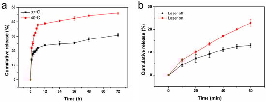 The amount of loaded DS was calculated to be 2.58%. To investigate the controlled release profiles for DS out of DS-TD/MPDA, thermal stimulation and NIR irradiation were performed. As shown in Figure 4a, 23.7% and 38.8% of DS release at 37 °C and 40 °C, respectively, occurred for the first 12 h. The percentage of DS rose to 30.8% and 45.9% within 72 h. In addition, the release of DS rapidly increased for 1 h after being triggered by NIR laser (Figure 4b). These results demonstrated that DS-TD/MPDA was effective in ensuring drug release through a photothermal response.
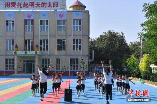9月27日,新疆和田縣布扎克鄉庫木村幼兒園,小朋友在跟隨老師跳操。當日,據該幼兒園園長維吾爾族姑娘阿爾孜古麗·阿力木介紹,該園由北京市援建,可容納300名學生,目前有14名教師。 中新社記者 李雪峰/文 中新社記者 田雨昊/攝
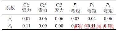 基于图7所示的动力时程曲线,将静力和动力效应最大值与原始效应值进行对比,得到拉索失效引起的静力与动力增大系数如表1所示。表1中,δs与δd分别表示
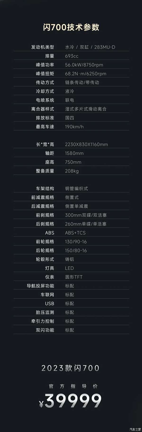 总的来说闪700在配置上中规中矩,而39,999元的售价也走了亲民路线,所以在配置上并未采用品牌件也情有可原。另外,从闪700的配置表看车友可以根据需求选择皮带和链条两种形式的传动。那么你觉得闪700如何呢?欢迎在评论区留言讨论。
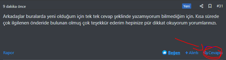 Arkadaşlar buralarda yeni olduğum için tek tek cevap şeklinde yazamıyorum. Kısa sürede çok ilgilenen, öneride bulunan olmuş çok teşekkür ederim hepinize pür dikkat okuyorum yorumlarınızı.
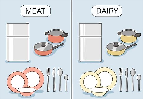 Keep your kitchen kosher. Very observant Jews take keeping kosher a step further by keeping their kitchen kosher. Having a kosher kitchen means that you keep two separate sets of dishes, silverware, napkins, and even refrigerators to serve or hold dairy and meat separately. Separate dishes and silverware for meat and dairy is the easiest step in keeping a kitchen kosher. Buy two separate sets of dishware to avoid confusion, can consider designating separate drawers and cupboards to meat and dairy dishes and cutlery. Don't use the oven for meat and dairy at the same time. You can use the stovetop to cook dishes involving meat and dairy on separate burners, but watch out for and clean up spills. Try not to microwave meat and dairy at the same time, since fumes from each dish can escape and infiltrate the other dish. Consider getting two dishwashers. Orthodox and very observant Jews often have two separate dishwashers which they use to separately wash any dishes or utensils that may have touched dairy or meat. Keeping your kitchen kosher ensures that you never run into a situation in which you may be eating dairy off a plate that held meat. Taking the measures to keep a kosher kitchen is complex and can be expensive, which is why the majority of Jews do not keep their kitchen kosher in this sense.
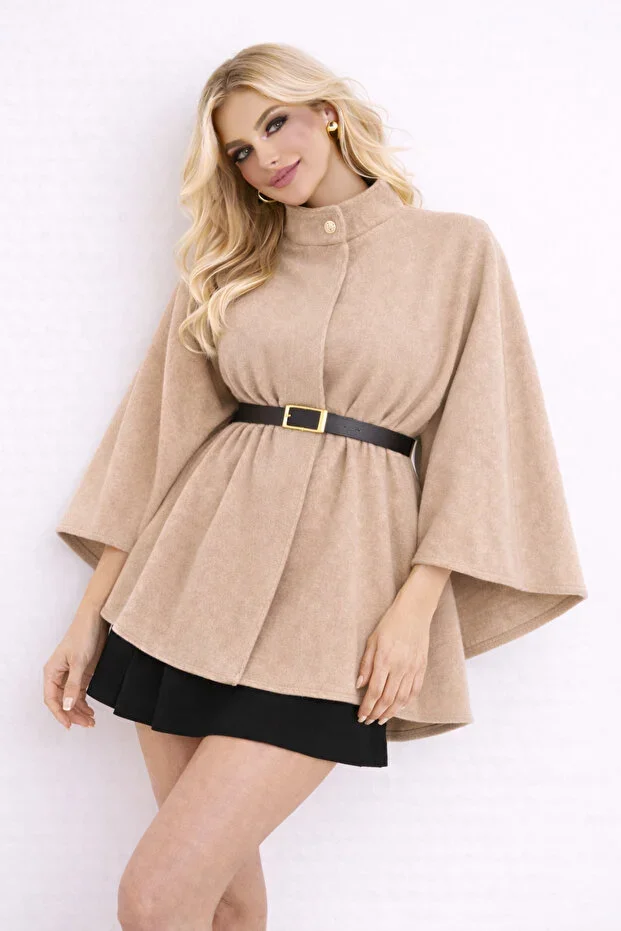 Kışlık kaşe kumaşının sıcaklığı ve dayanıklılığı bu parçada bir araya geliyor. Kalın kaşe dokusu, rüzgarlı havalarda üşümeyi minimize ederken aynı zamanda bedene hafifçe sarılarak zarif bir siluet yaratır. İç kısmında yumuşacık astar bulunur; hareket ederken size konfor sunar ve gün boyu rahat bir his verir. Bej rengi, ışıkla birlikte sıcak tonlarda parlar ve her türlü alt giysiyle uyum sağlar. Pançonun kazandırdığı hacimli ama zarif görünüm, beden hattını natürel bir şekilde vurgular ve genel görünümünüzü tamamlar.
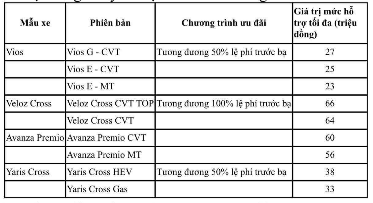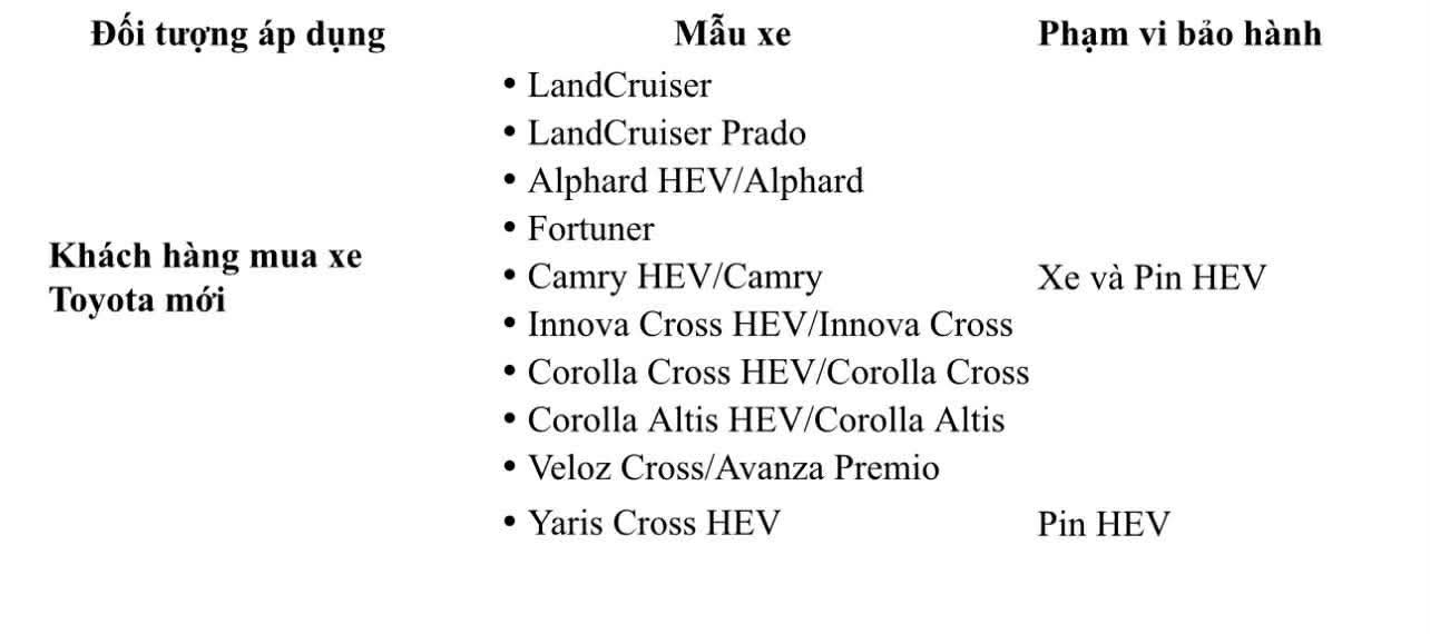 Chương trình áp dụng khi mua mới một số dòng xe do Toyota Việt Nam phân phối thông qua hệ thống Đại lý Ủy quyền chính hãng trên toàn quốc, chi tiết như sau:
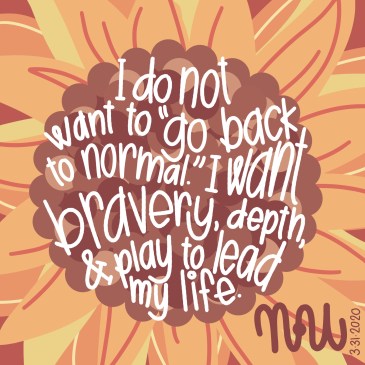 This is a defining moment in our collective psyche. COVID-19 and these coming weeks and months (… years!?) are part of history. YOUR personal living history. And it’s still unfolding. The world, the universe, and the human race will never be the same. Sometimes this terrifies me. Right now, it excites me and lights a … More What Is Normal, Anyway?
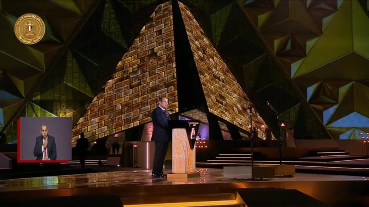 «Γράφουμε ένα νέο κεφάλαιο της ιστορίας του παρόντος και του μέλλοντος, στο όνομα αυτής της αρχαίας πατρίδας«, δήλωσε ο αρχηγός του κράτους της Αιγύπτου, από το μεγάλο προαύλιο του μουσείου που είναι αφιερωμένο στον φαραωνικό πολιτισμό, όπου οι αρχές έχουν οργανώσει ένα φαντασμαγορικό θέαμα.
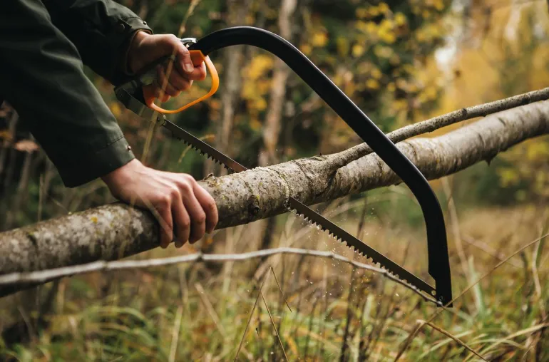 Kaarisaha raskaampaan työhön, kuten runkojen ja vahvojen oksien leikkaamiseen, halkaisija > 10-20 cm. Karkaistu terässahanterä on pitkäikäinen ja erittäin terävä.
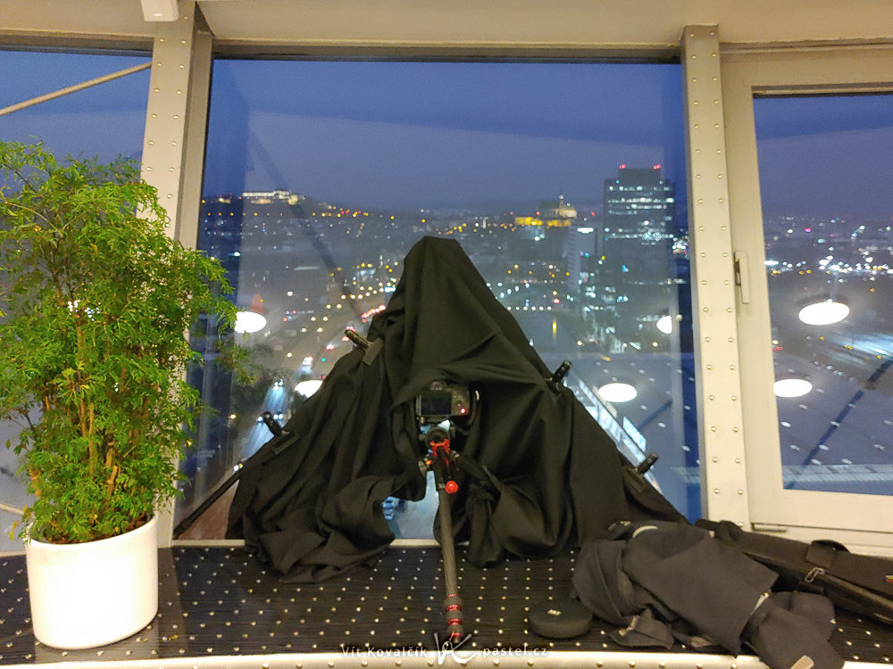 Focení z oken je pohodlnější, ale většinou nabízí omezenější výhled. Také se může stát, že budete nuceni fotit za zavřeným oknem – ideální období je přece jen zima. Pak je nutné řešit odrazy interiéru i lom světla na skle, který dokáže silná světla před vámi zdvojit. Proti odrazům pomáhá tmavá látka kolem objektivu nebo jednoduchý „černý tunel“, který se přiloží ke sklu.
•••••
** Goal of the exercise **
Pictures are to be omitted. The lines from the line holding "Chương trình áp" through the closing line of the data above are to be set down exactly, and nothing more.

** Task result **
 Chương trình áp dụng khi mua mới một số dòng xe do Toyota Việt Nam phân phối thông qua hệ thống Đại lý Ủy quyền chính hãng trên toàn quốc, chi tiết như sau:
 This is a defining moment in our collective psyche. COVID-19 and these coming weeks and months (… years!?) are part of history. YOUR personal living history. And it’s still unfolding. The world, the universe, and the human race will never be the same. Sometimes this terrifies me. Right now, it excites me and lights a … More What Is Normal, Anyway?
 «Γράφουμε ένα νέο κεφάλαιο της ιστορίας του παρόντος και του μέλλοντος, στο όνομα αυτής της αρχαίας πατρίδας«, δήλωσε ο αρχηγός του κράτους της Αιγύπτου, από το μεγάλο προαύλιο του μουσείου που είναι αφιερωμένο στον φαραωνικό πολιτισμό, όπου οι αρχές έχουν οργανώσει ένα φαντασμαγορικό θέαμα.
 Kaarisaha raskaampaan työhön, kuten runkojen ja vahvojen oksien leikkaamiseen, halkaisija > 10-20 cm. Karkaistu terässahanterä on pitkäikäinen ja erittäin terävä.
 Focení z oken je pohodlnější, ale většinou nabízí omezenější výhled. Také se může stát, že budete nuceni fotit za zavřeným oknem – ideální období je přece jen zima. Pak je nutné řešit odrazy interiéru i lom světla na skle, který dokáže silná světla před vámi zdvojit. Proti odrazům pomáhá tmavá látka kolem objektivu nebo jednoduchý „černý tunel“, který se přiloží ke sklu.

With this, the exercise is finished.